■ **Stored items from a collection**
<<<<

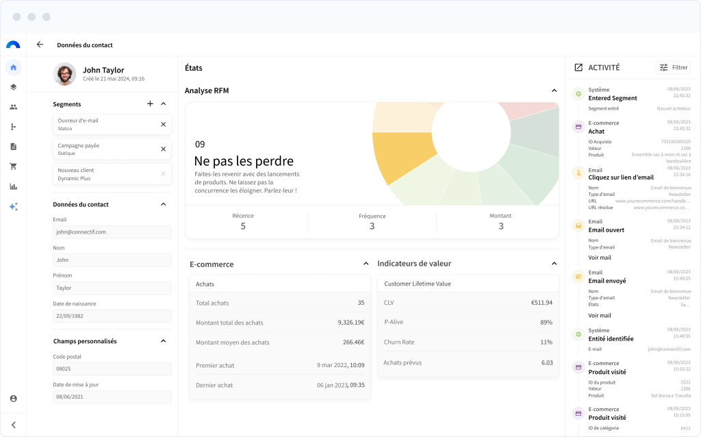 Les données collectées en temps réel permettent d’identifier et d’étudier les comportements, les préférences et les interactions de vos clients, aussi bien dans votre boutique en ligne que sur les autres canaux (e-mails, notifications push, SMS; etc.)
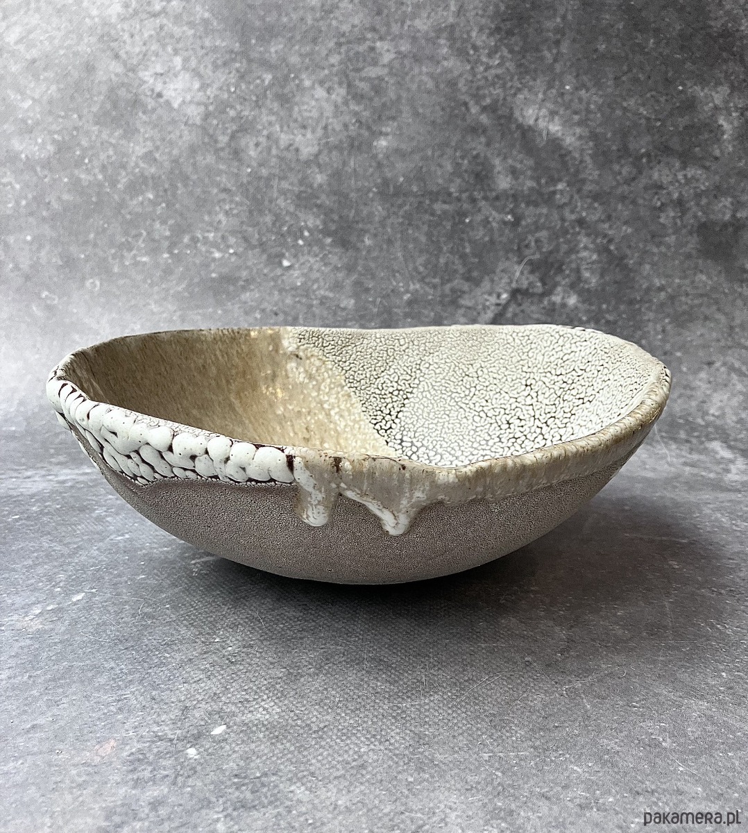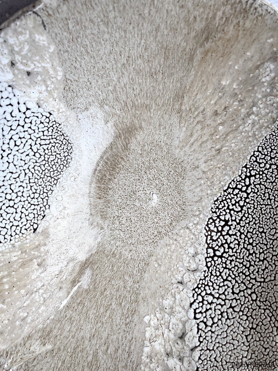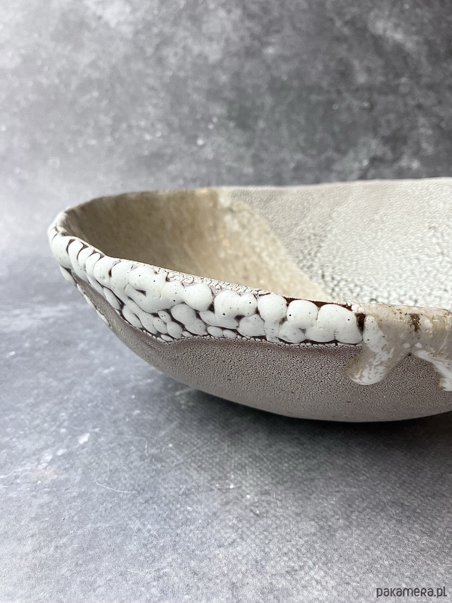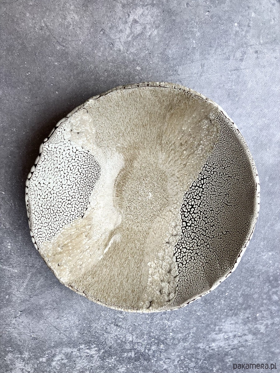 DEEP INTO THE SEA to autorska seria ceramiczna inspirowana ciszą, ciężarem i tajemnicą głębin. Każdy obiekt przypomina fragment podwodnego świata wydobyty na powierzchnię- jakby zastygły ślad procesów, które zachodzą daleko od światła, pod wpływem czasu, ciśnienia i powolnego ruchu materii. Powierzchnie naczyń są gęste, organiczne, pełne mikropęknięć, porów i struktur przywodzących na myśl rafy koralowe, wapienne osady, muszle i skalne dno morza. Kontrast między jasnymi, kredowymi obszarami a ciemniejszą, spękaną siatką tworzy wrażenie mapy nieznanego terenu- topografii głębin. Glazura zachowuje się jak osad mineralny: narasta, cofa się, odsłania warstwy, sugerując naturalne procesy erozji i krystalizacji.
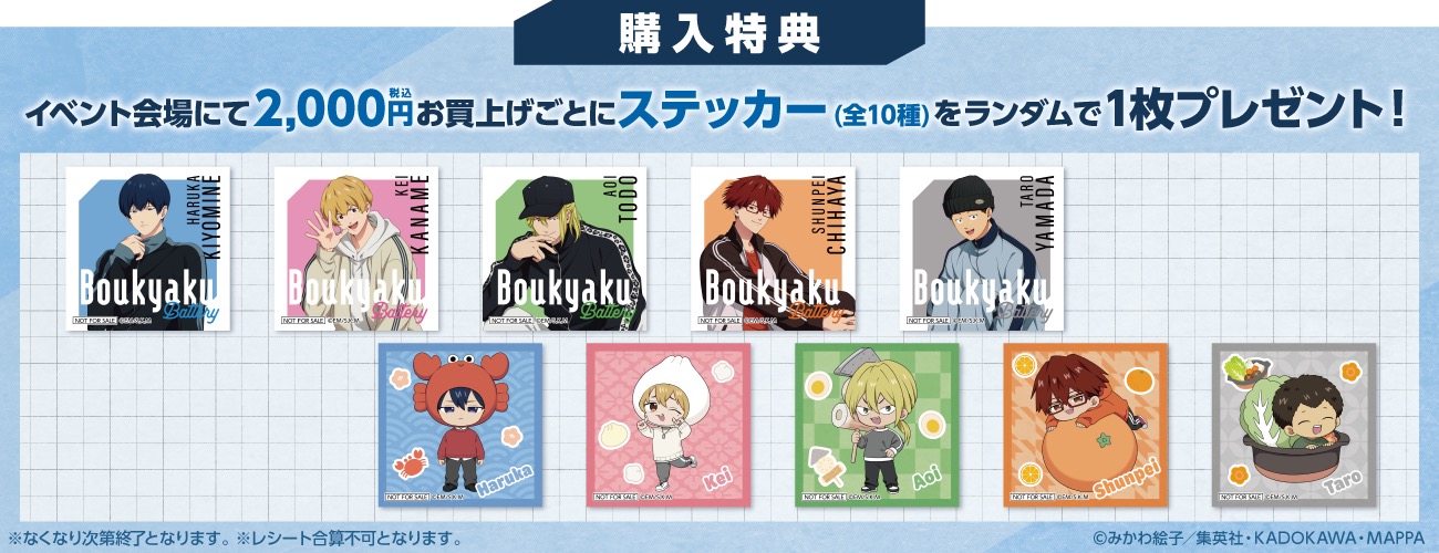 「忘却バッテリー」ポップアップストアにて、グッズをお買い上げ2,000円(税込)毎に特典として「ステッカー 全10種」がランダムに1枚プレゼントされる。
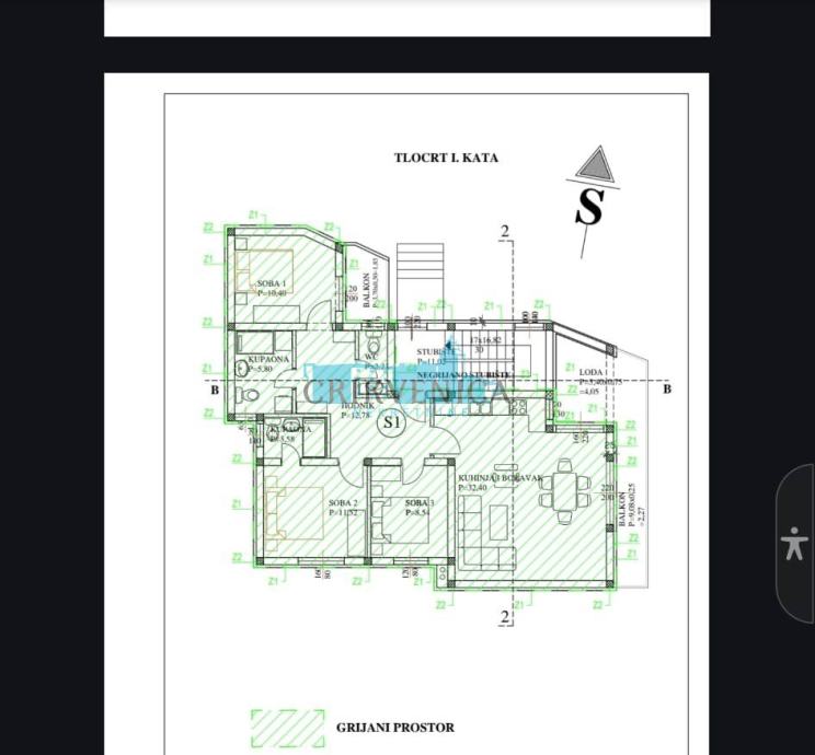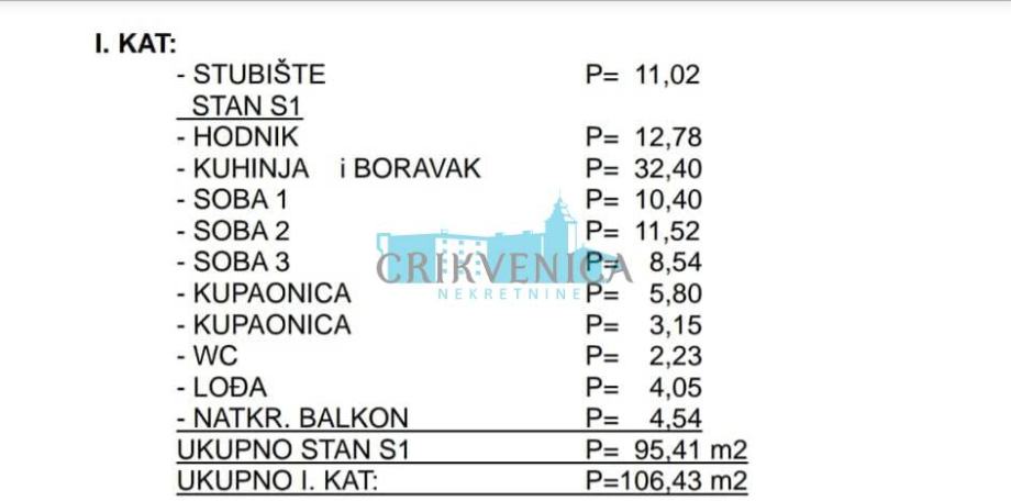 Nekretnina je prostrana, tri spavaće sobe, jedna ima svoju terasu, prostrani dnevni boravak sa kuhinjom i blagovaonom sa dva izlaza na terasu i loggiu, kupaonu sa wc-om i wc-om za goste.
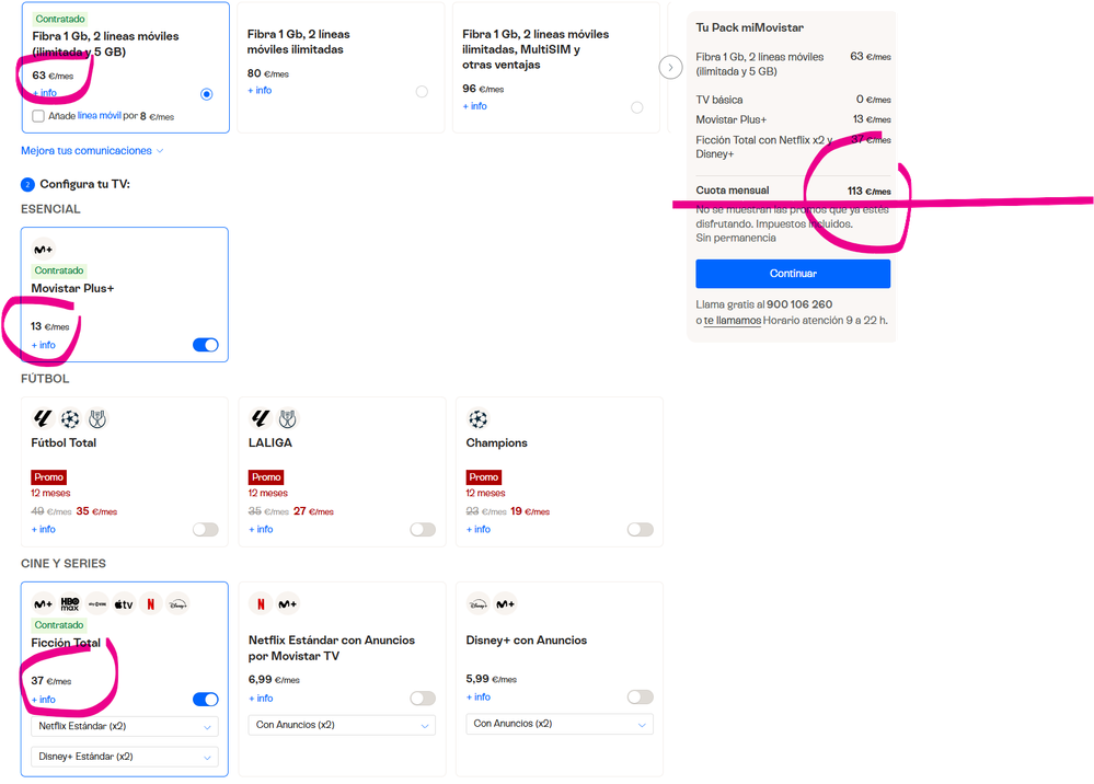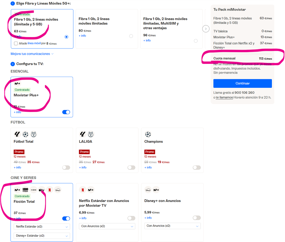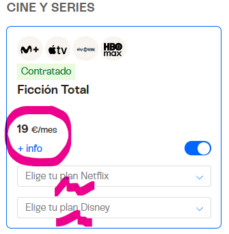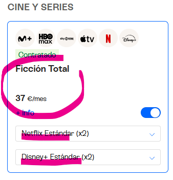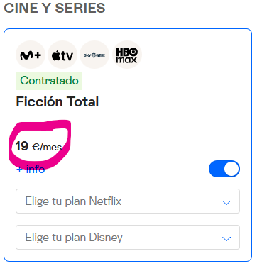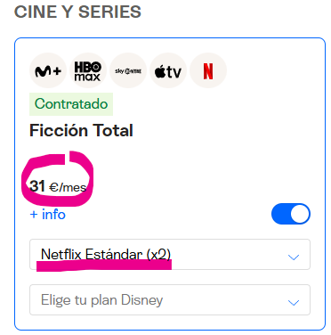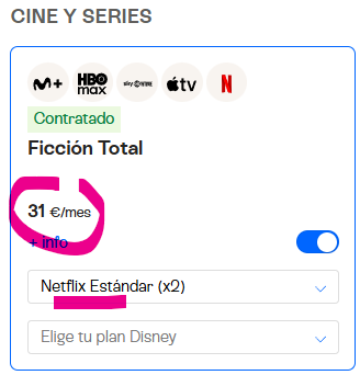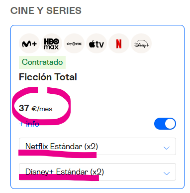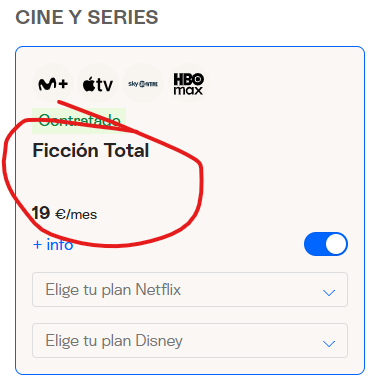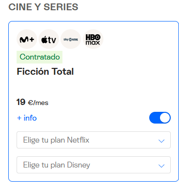 Actualmente tengo miMovistar con Ficción Total más Netflix y Diseny+ por 113€/mes.
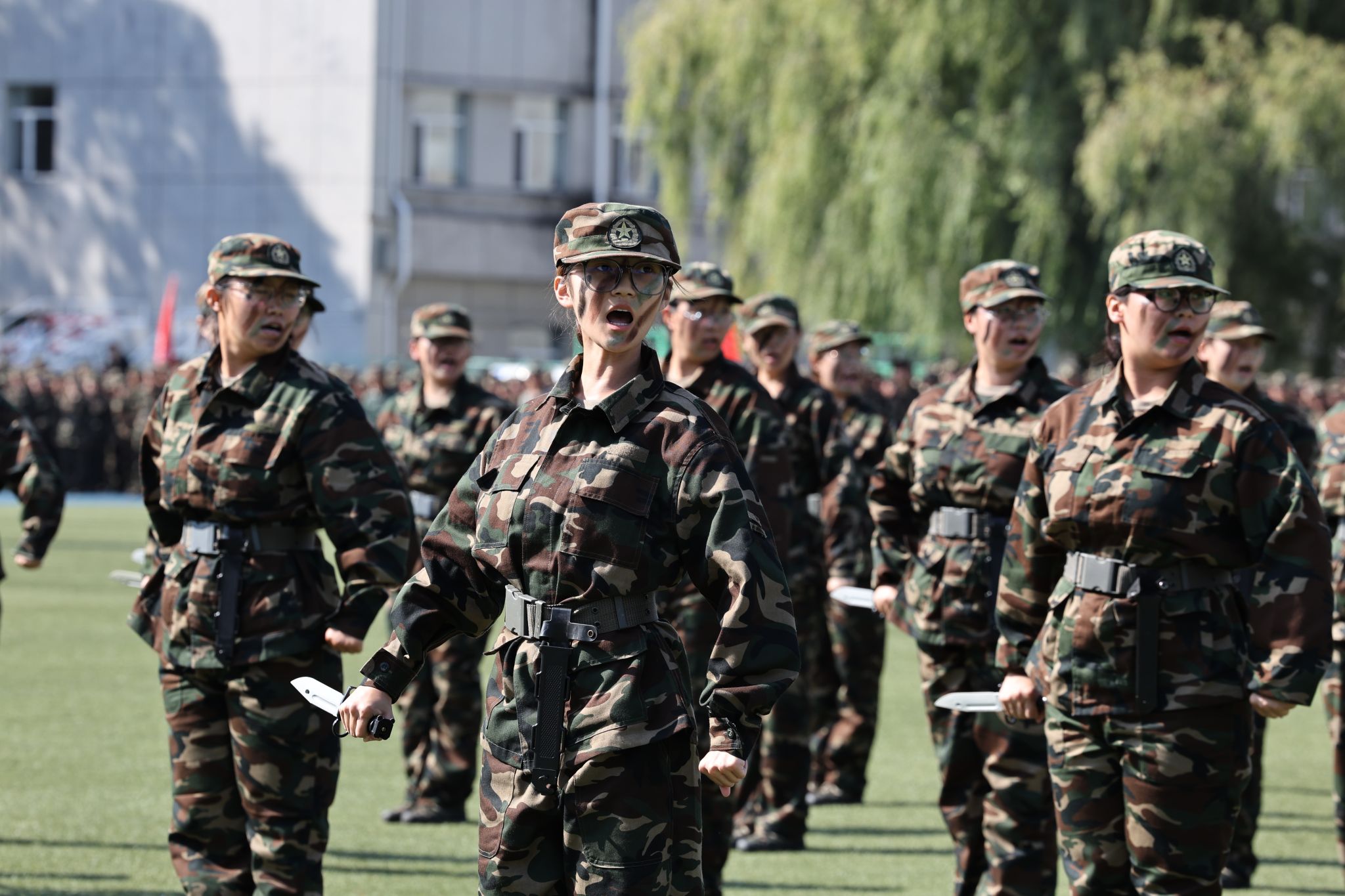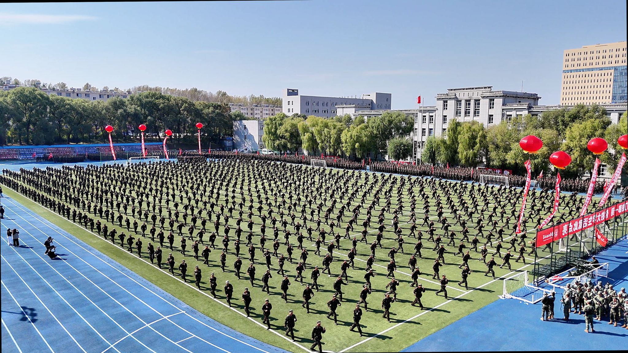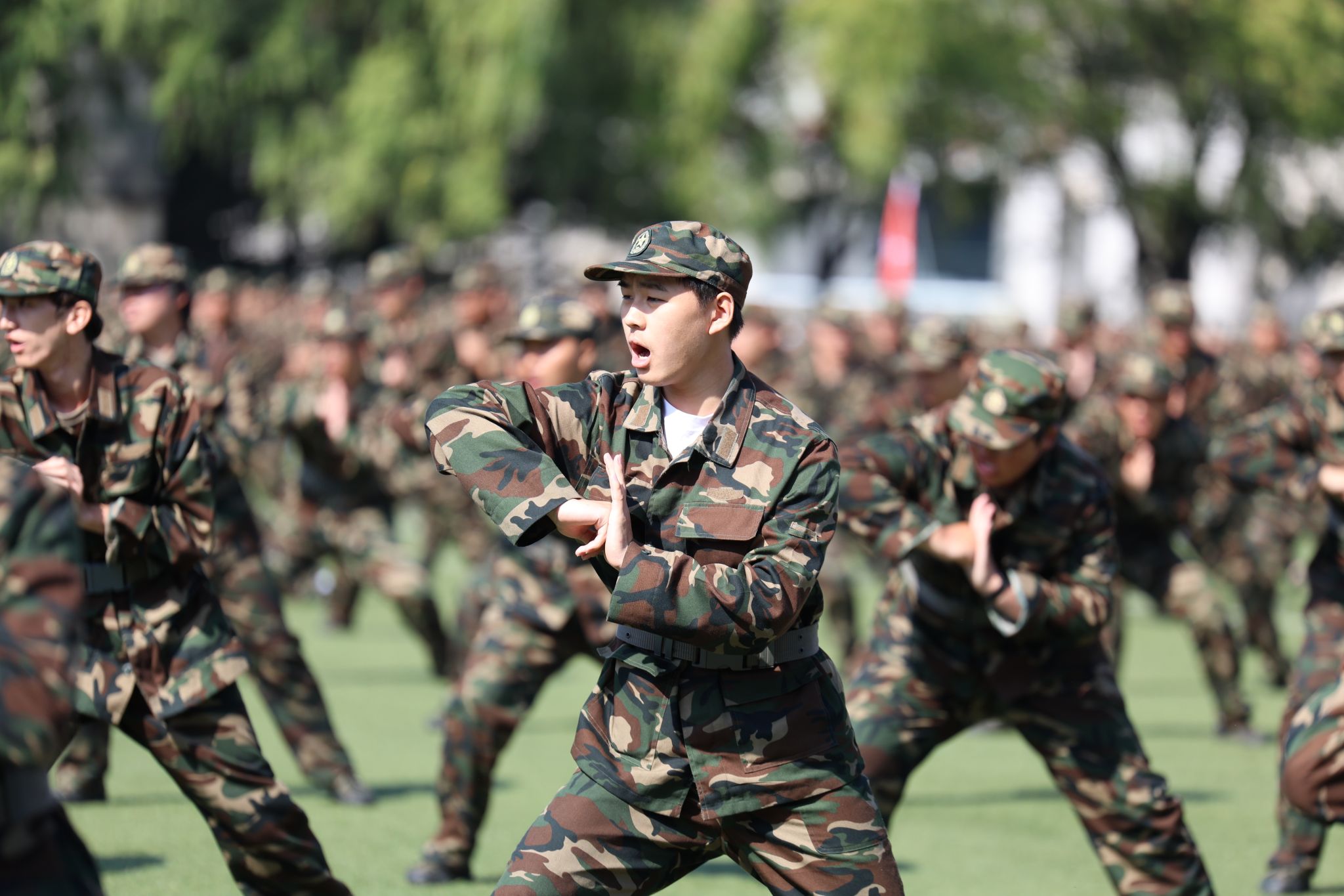 军训成果汇报环节亮点纷呈,在国旗护卫队的引领下,由11个学院组成的43个分列式方阵依次通过主席台,严整的队列、嘹亮的口号、刚健的步伐,展现出化大学子如松的意志、如铁的纪律。旗语方阵变幻多彩,千人军体拳、应急棍术、擒敌拳、匕首操、教官战术表演刚猛有力,精准凌厉,14天的军训成果在精彩展演中完美呈现。现场掌声阵阵,既是对他们努力的肯定,更是对青春奋斗的礼赞。

>>>>

■ **WHAT TO PRODUCE**
Reprint the entries above exactly, images removed.

■ **SOLUTION TO THIS PROBLEM**
 Les données collectées en temps réel permettent d’identifier et d’étudier les comportements, les préférences et les interactions de vos clients, aussi bien dans votre boutique en ligne que sur les autres canaux (e-mails, notifications push, SMS; etc.)
 DEEP INTO THE SEA to autorska seria ceramiczna inspirowana ciszą, ciężarem i tajemnicą głębin. Każdy obiekt przypomina fragment podwodnego świata wydobyty na powierzchnię- jakby zastygły ślad procesów, które zachodzą daleko od światła, pod wpływem czasu, ciśnienia i powolnego ruchu materii. Powierzchnie naczyń są gęste, organiczne, pełne mikropęknięć, porów i struktur przywodzących na myśl rafy koralowe, wapienne osady, muszle i skalne dno morza. Kontrast między jasnymi, kredowymi obszarami a ciemniejszą, spękaną siatką tworzy wrażenie mapy nieznanego terenu- topografii głębin. Glazura zachowuje się jak osad mineralny: narasta, cofa się, odsłania warstwy, sugerując naturalne procesy erozji i krystalizacji.
 「忘却バッテリー」ポップアップストアにて、グッズをお買い上げ2,000円(税込)毎に特典として「ステッカー 全10種」がランダムに1枚プレゼントされる。
 Nekretnina je prostrana, tri spavaće sobe, jedna ima svoju terasu, prostrani dnevni boravak sa kuhinjom i blagovaonom sa dva izlaza na terasu i loggiu, kupaonu sa wc-om i wc-om za goste.
 Actualmente tengo miMovistar con Ficción Total más Netflix y Diseny+ por 113€/mes.
 军训成果汇报环节亮点纷呈,在国旗护卫队的引领下,由11个学院组成的43个分列式方阵依次通过主席台,严整的队列、嘹亮的口号、刚健的步伐,展现出化大学子如松的意志、如铁的纪律。旗语方阵变幻多彩,千人军体拳、应急棍术、擒敌拳、匕首操、教官战术表演刚猛有力,精准凌厉,14天的军训成果在精彩展演中完美呈现。现场掌声阵阵,既是对他们努力的肯定,更是对青春奋斗的礼赞。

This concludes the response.